Таня, торопясь, начинает ее ощипывать, а брат разводит огонь. Он вытаскивает из вязанки три жерди, ставит, связав вершинами, скрепляет разорванными сырыми сосновыми ветками и, пока сестра ощипывает, разводит под ними огонь, нагибаясь и раздувая, вспыхивая лицом, и вешает полный котелок. На ветках проступает клей, вялое куриное тело на черном листе розовеет, огонь разгорелся. Сестра ошмаливает, наполняя землянку запахом горелых перьев, и кое-как осколком стекла потрошит, чистит и опускает в воду. Черная печень выскальзывает из собранной в лодочку руки, она бережно обмывает ее. Оба наклоняются над едой, ежеминутно пробуя пальцем в горячей воде. Они погружены в ожидание. Постепенно возносится запах. У Тани слабеют ноги, ей плохо. Она опирается руками об одну из трех жердей и склоняет веснушчатое лицо с маленьким носом над огнем. У нее загорелся нечесаный кончик косы. Брат его тушит:
– Ты чего в котелок полезла?
Она откидывается на его руки спиной, прислонившись головой к его ногам. В это время сова исчезает во тьме у самого входа, и мать, на огонь в пустой землянке, почуяв пищу, подходит к отверстию и видит детей. Ослабевшая Таня, открыв глаза на мгновение, видит длинную фигуру матери, нагнувшуюся во входе, и в страхе хватается за жерди и котелок и переворачивает их, разбрасывая огонь. Она кричит, обжегшись. Мать сбегает вниз к котелку, а брат вскочил и топчет ногами костер, затаптывает расползающийся огонь, отбрасывая перевернувшийся котелок с курицей, прыгая по горящим веткам сапогами, потеряв голову. Разбитый костер притухает. Мать идет в наступившей темноте, нагнувшись к поднимающейся дочке.
Во входе ползет сова. Она хватает горячую курицу, отлетает с ней и садится на пороге землянки, над полуобвалившимися ступеньками, держа в загнувшихся когтях, и косится от огоньков на фигуры в глубине. Мать оставляет Таню. Брат бросился было к сове, но остановился, испуганный. Мать подскакивает к ней, но она, зажавши крепко ощипанное белое тело, отлетает на двадцать шагов и, как раньше, падает.

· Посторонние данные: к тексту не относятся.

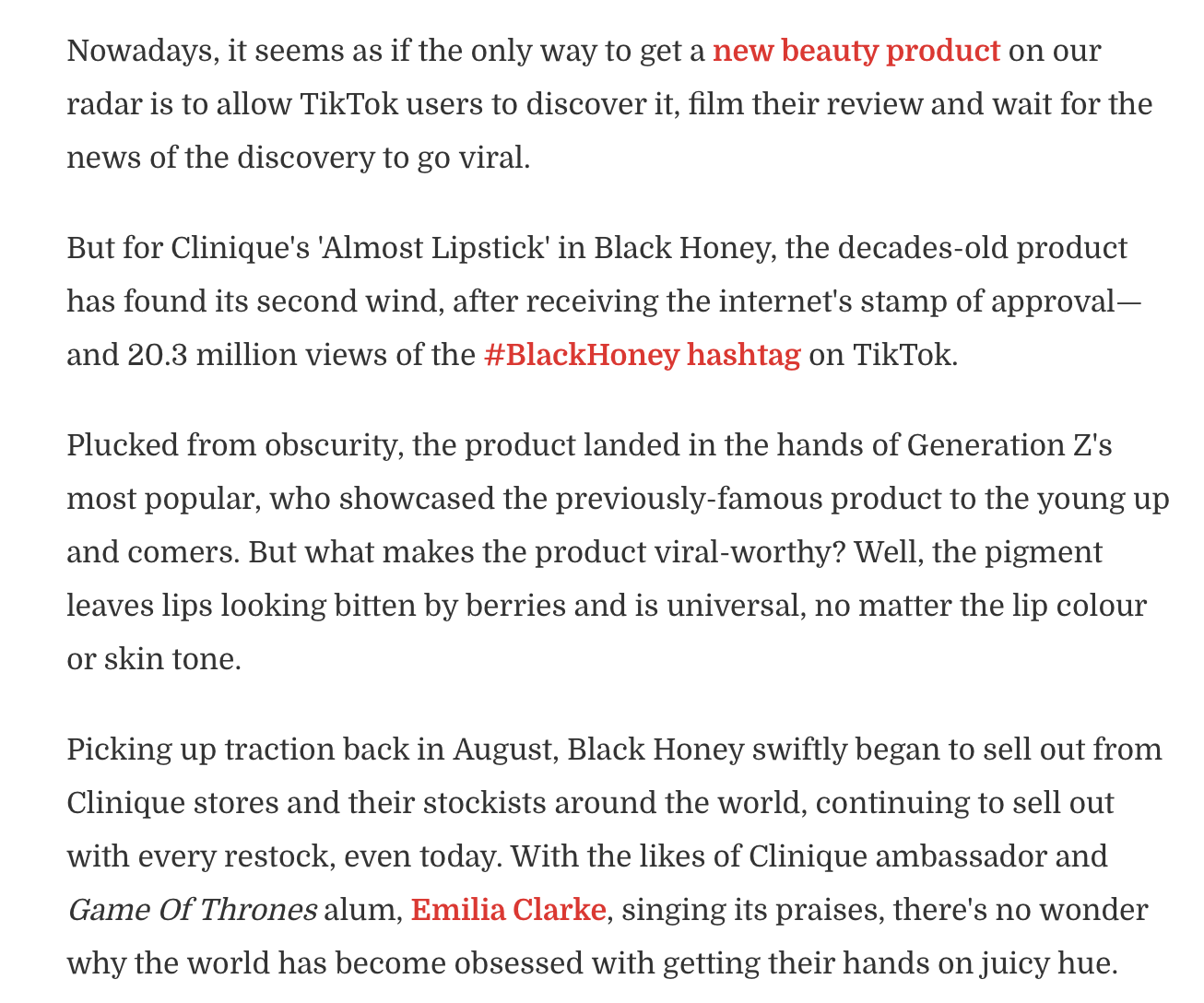 Black Honey was first launched in a gloss pot. In fact, Clinique founder Carol Phillips named it Black Honey because the texture of the gloss looked like a yummy, gooey pot of honey. Yes, that was the '70s. Black Honey had a second breakthrough moment in 1989, when it debuted as what it is now: Almost Lipstick in Black Honey. At the time, women were juggling careers, family, and chasing their dreams more than ever; convenience was key. And the makeup trend was full-coverage, intense color. Here came an alternative and a solution. Almost Lipstick put flawless Black Honey color in a sleek, chic tube that could fit in any bag and be applied in a flash. A cross between gloss and lipstick, Almost Lipstick feels incredible to wear, has shine but isn't sticky, and gives lips that just-ate-a-plum look while being easy to wash off.

Тогда и мать, и дети – Таня впереди всех, крича на сову, чтоб она уронила курицу, – пускаются за ней. Во тьме им белеет куриное тело. Брат ищет палку, но боится вернуться, чтоб не отстать и не упустить своего куска. Все трое бегут, перепрыгивая через светлеющие лужи к оживающему востоку. Сова подпускает их близко, как будто ослабевая; но когда они вот-вот хватают куриную лапу, она с трудом срывается и летит все прямо и прямо. На минуту она растерялась и закружила – Таня падает на колени и ложится всем телом на землю. Мать, отчаявшаяся, готова уже остаться, но Таня, пробужденная мыслью о курице, догоняет, опять бежит, но скоро садится под горой на белый камень. Она уже не может бежать, а мать и сын по-прежнему гонятся. Сова торопится, так как рассветает, и только разок оглядывается на оставшуюся Таню.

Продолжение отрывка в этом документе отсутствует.